David: Hallelujah. There’s a step forward. I think the goal is not to keep information from the pharmaceutical industry but to make sure that they’re not misusing it in the sense of exclusively patenting genes because we do need people to develop drugs. You’re really going to cut yourself short if you completely cripple the pharmaceutical industry. I intend to take a less radical view of that but go ahead.
Dave: I’m speaking for a lot of people listening to the show and I have no fundamental problem with drugs. Drugs who save lots of people’s lives probably including mine when I had a really bad infection or something.
David: That’s right.
Dave: No problem there. Some of the business models and behaviors associated with these companies are ethically challenged. For instance we make drugs that reverse the effects of the pesticides that we sell from the other arm of the company. That kind of crap has to stop, Monsanto I’m talking to you, all right. There’s other disturbing things like that that I think people have woken up to and they’re not willing to contribute to that system. If you put them in a hospital and say, “There’s a tumor this big inside your head,” they’re going to gladly consume whatever cocktail of things is going to get rid of that.

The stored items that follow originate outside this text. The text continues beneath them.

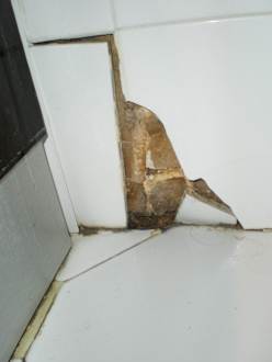 Lose Fliesen und Dreck in den Ecken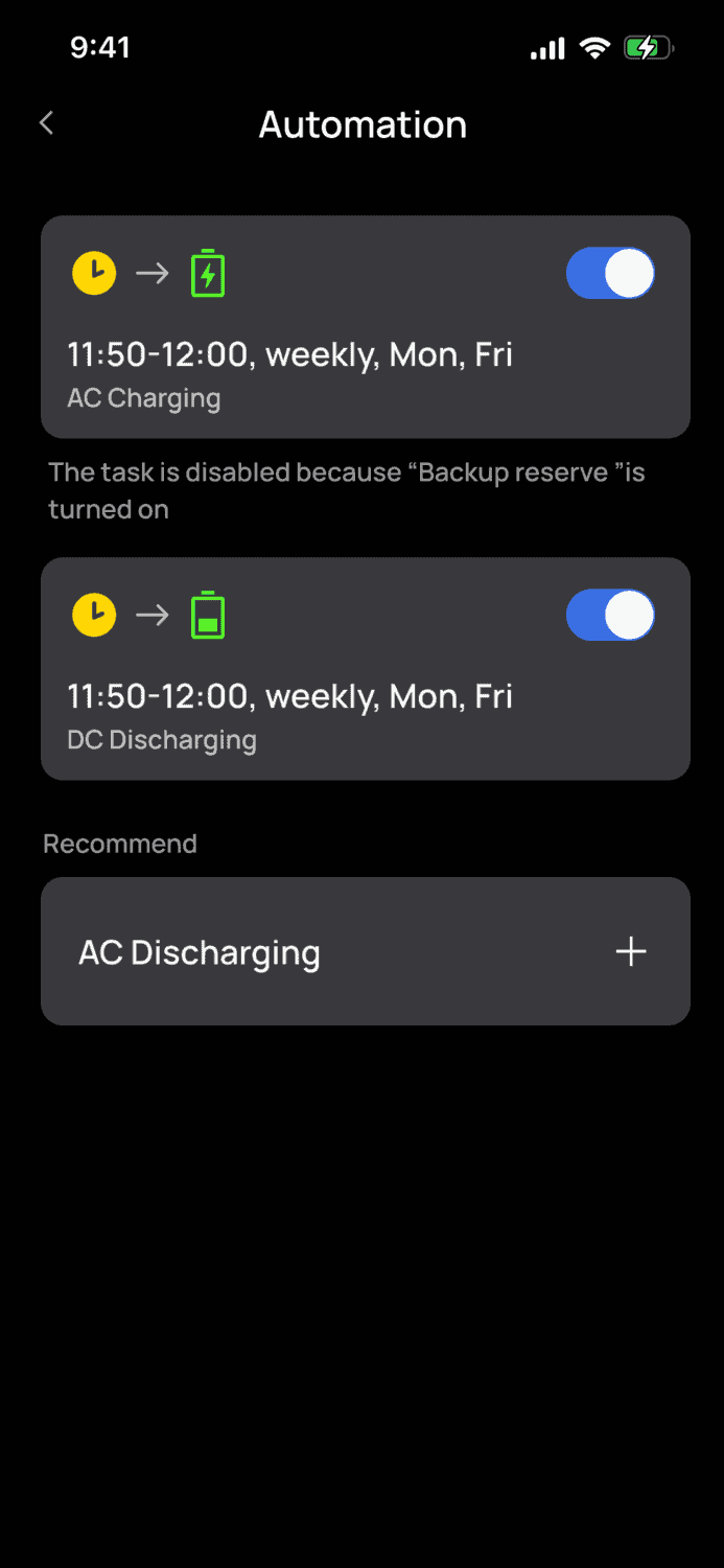- Automatically adjust battery/grid power mix based on time-of-use rates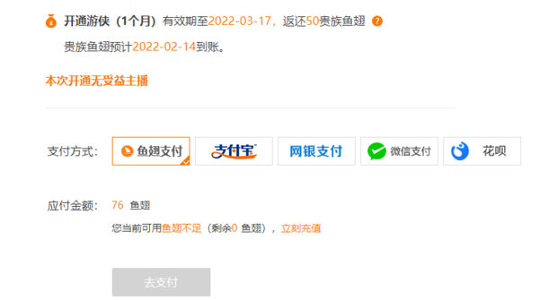 如果我们是在开通贵族时发现迟迟未到账,首先查看下账户中的鱼翅的余额以确认我们是否开通了贵族,或是贵族自动续费是否成功,鱼翅余额充足时,我们可以再次使用鱼翅来开通或是续费贵族就可以了。如果账户中的鱼翅没有余额但消费记录中可以查找到扣费记录,就需要我们截图并找人工客服进行咨询处理了。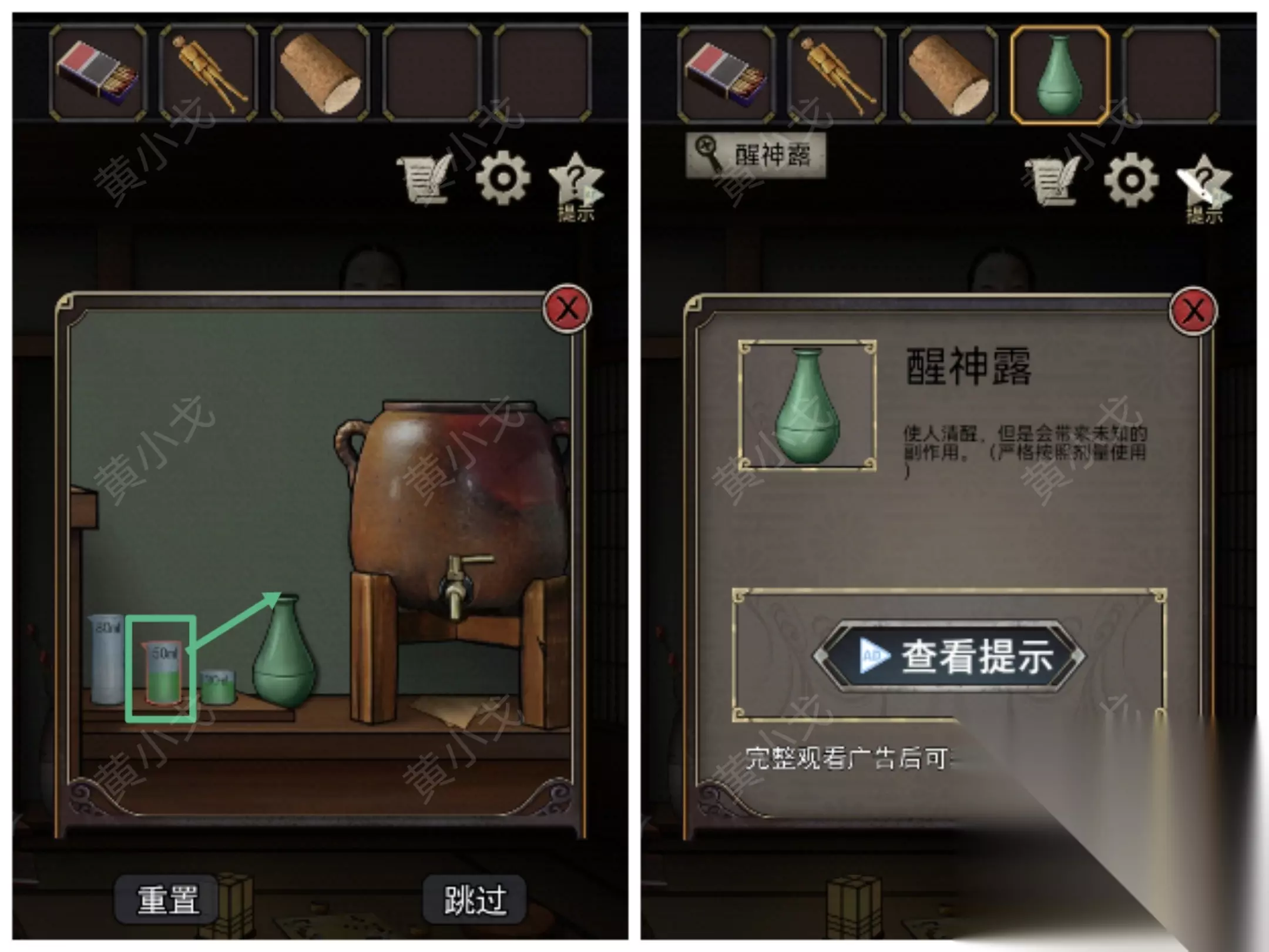 14.把配好剂量的药倒入绿色瓶子,获得【醒神露】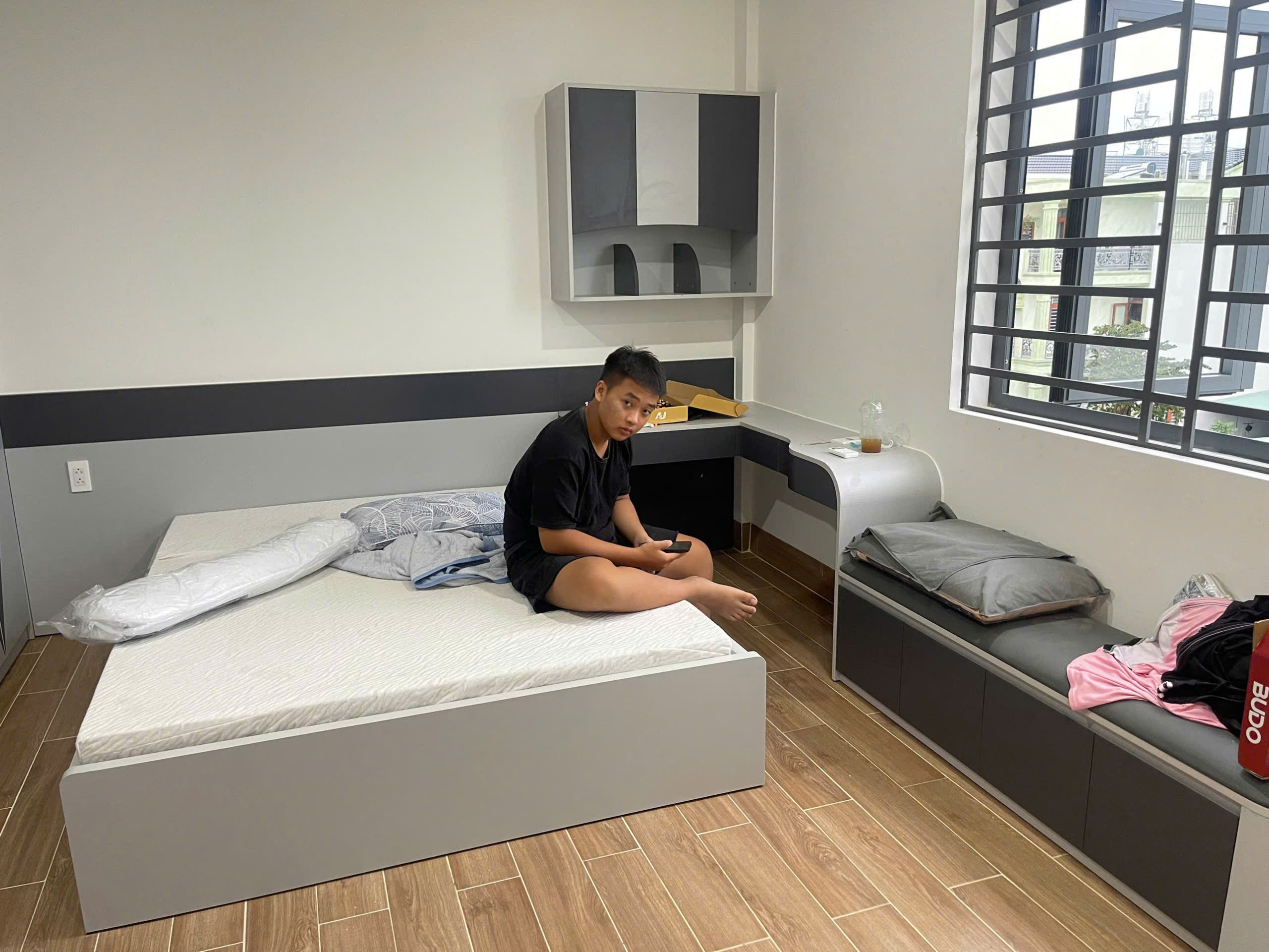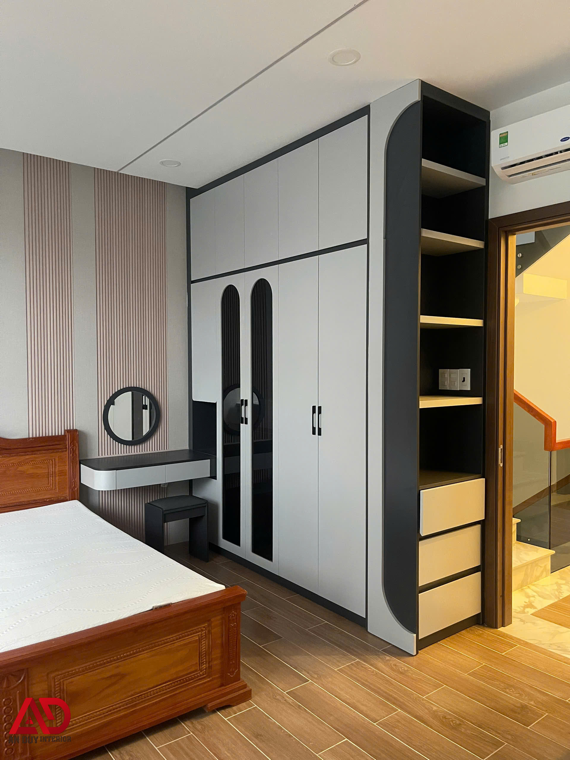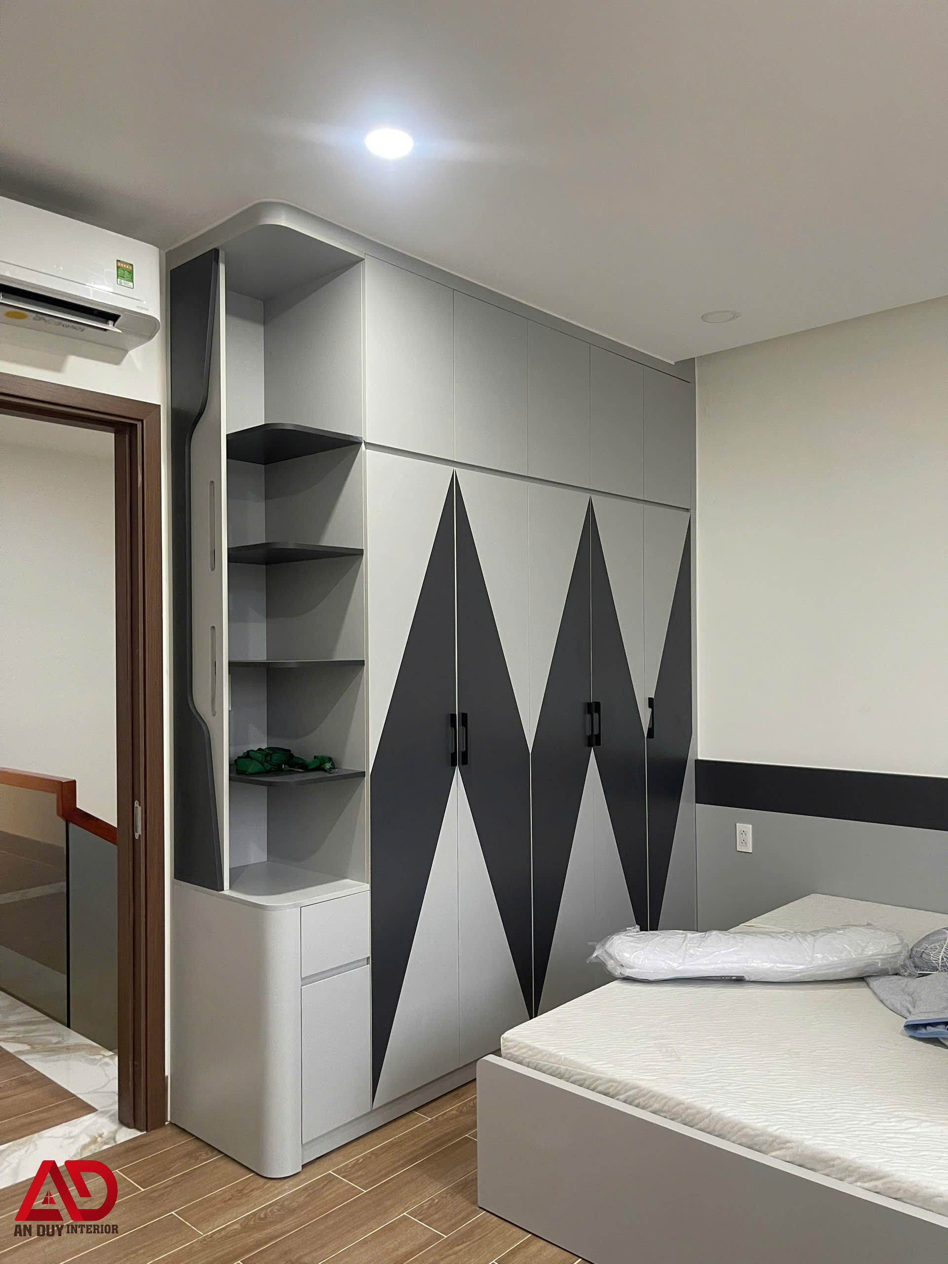 Phòng ngủ tiếp tục được triển khai theo hướng tối giản, công năng cao và có tính cá nhân hóa rõ nét. Với phòng ngủ mang tông xám, An Duy Interior sử dụng giường thấp, hệ tủ quần áo lớn, bàn học gắn tường và ghế băng cạnh cửa sổ để tạo nên không gian nghỉ ngơi tiện nghi, trẻ trung và phù hợp với nhu cầu sử dụng của người trẻ. Các mảng hình học trên cánh tủ giúp căn phòng có điểm nhấn mạnh về thị giác, hiện đại nhưng không quá nặng nề.

Assuming that it is a cocktail of drugs that are going to do it. We haven’t talked about vitamin D in cancer, we haven’t talked about ketosis and cancer, some of the other things that we probably won’t get to in the time we got.
David: You have to talk to my brother about vitamin D, Mark Haussler. He is one of the major discoverers of the hormonal form of vitamin D and really, really is an expert on how it increases longevity and may help with cancer and so forth. He’s devoted his life to the study of vitamin D, brilliant.
Dave: What’s his name?
David: Mark Haussler, my brother, my older brother.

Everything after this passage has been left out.